Look at how the dataflow jumps around, see how distant the map function and it's argument are from each other
and it does not help that subexpression cannot be properly documented any more.
Let's try another way to write down these functions:
const { sqrt, floor } = Math;
const { assertSequenceEquals, all, map, takeWhile, filter, range, take } = require('ferrum');
const integers = () => range(1, Infinity);
const isPrime = (v) => {
const candidates = range(2, floor(sqrt(v)) + 1);
const tests = map(candidates, x => v % x !== 0)
return v > 1 && all(tests);
}
const primes = () => filter(integers(), isPrime);
assertSequenceEquals(take(primes(), 5), [2, 3, 5, 7, 11]);
This is much better! The data flow is more clear and substeps can be documented again.
In this version we used temporary variables to get around not having pipe()
and currying;
this is much better than just putting everything into one line.
Note how positiveIntegers
became its own function while fromTwo
and candidates
became just local variables. Also note how all
and map
are still in the same expression.
Sometimes this is the more readable variant. We have to decide each time.

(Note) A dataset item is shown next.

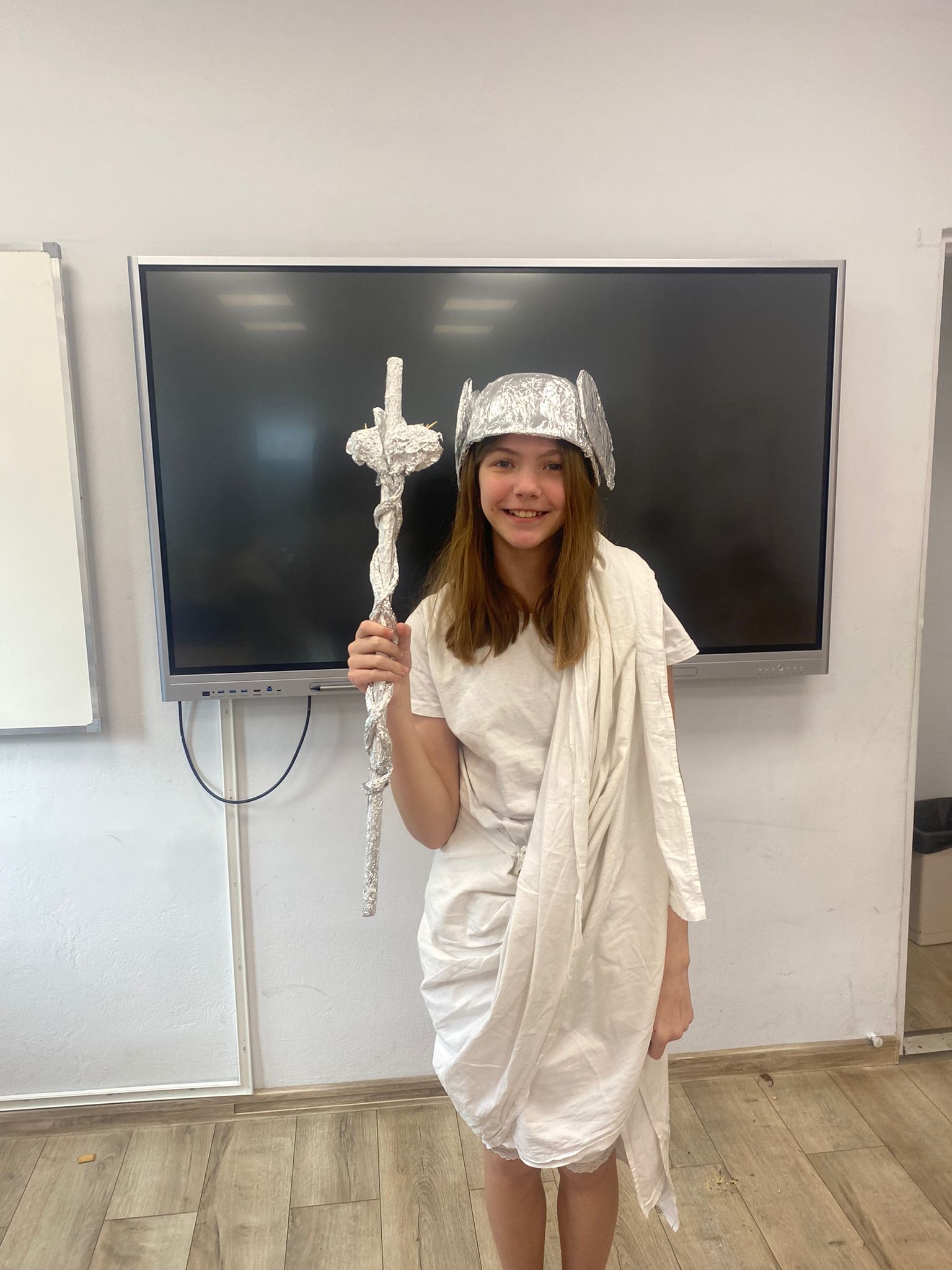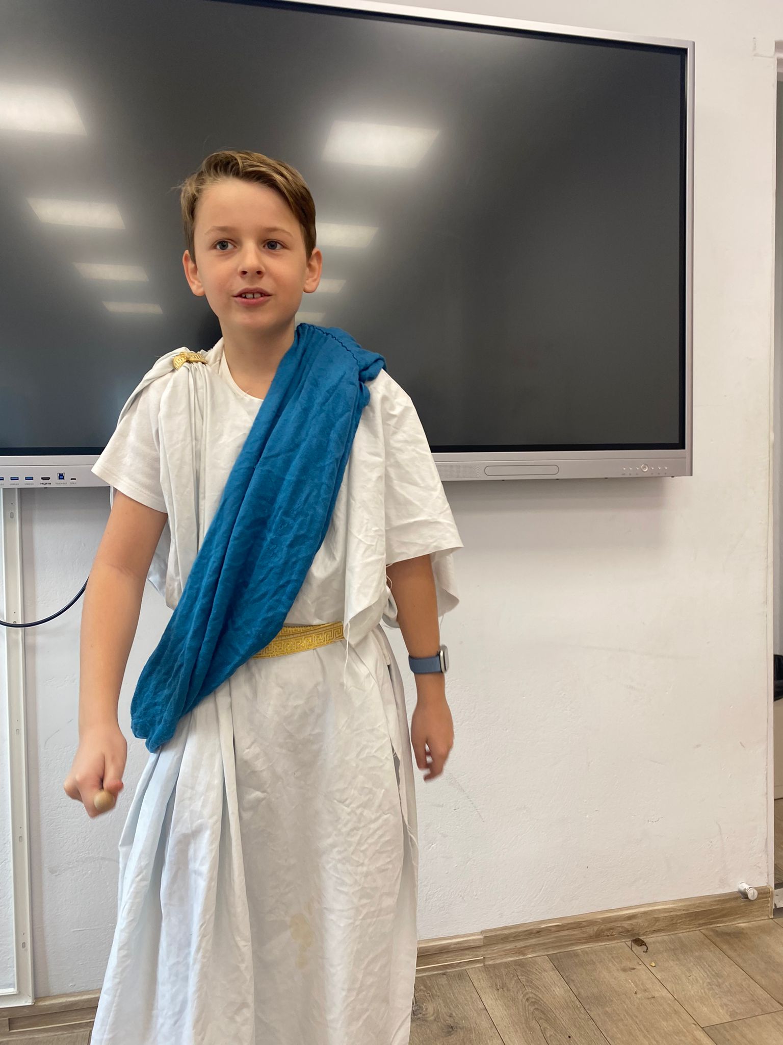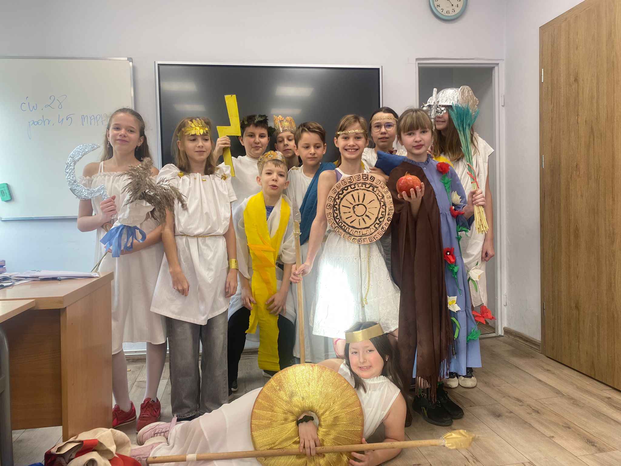 Uczniowie klasy V rozpoczęli omawianie mitologii w wyjątkowy sposób. Zamiast tradycyjnej lekcji, sala lekcyjna zamieniła się w Olimp – uczniowie przebrali się za wybrane bóstwa greckie.

This variant still has disadvantages though; first of all the code still looks more
cluttered and the dataflow still jumps around more than the pipe variant.
You also have to come up with a lot of names for temporary variables and take care
not to reuse them (since they are lazily evaluated they must only be used once).
This is one of the things you communicate by using pipe()
over local variables: "This variable
will never be used again" – knowing this & limiting the number of variables in a scope can be
very useful, especially in large functions.
Finally, let's implement this in classic imperative style:
const { sqrt } = Math;
const isPrime = (v) => {
if (v < 2) {
return false;
}
for (let i=0; i <= sqrt(v); i++) {
if (v % i !== 0) {
return false;
}
}
return true;
}
const primes = function *primes() {
for (let i=0; true; i++) {
if (isPrime(i)) {
yield i;
}
}
}
The first thing that becomes noticeable in this version is that it is more
than twice as long as our variant using pipe()
(not counting comment lines);
this version also uses two levels of nesting, while our pipelined version uses
just one level of nesting. The imperative version also contains two for loops
and three if statements; for loops are notoriously hard to read as well.
Finally, the imperative version forces us to think in imperative terms – to consider
what happens in each step of the for loop one by one and then come to the conclusion:
Ah, this for loop just gets rid of all those integers that are not prime. In the imperative
version this intention must be deduced, in the pipelined version it is plain to see.
To sum it up, using pipe()
and currying the functions from Ferrum
has a number
of advantages; you end up with fewer levels of nesting, can avoid a lot of branching (if statements)
and hard to write for loops; pipelining let's you break apart your problem into multiple
clearly defined transformation steps with obvious data flow and obvious intention.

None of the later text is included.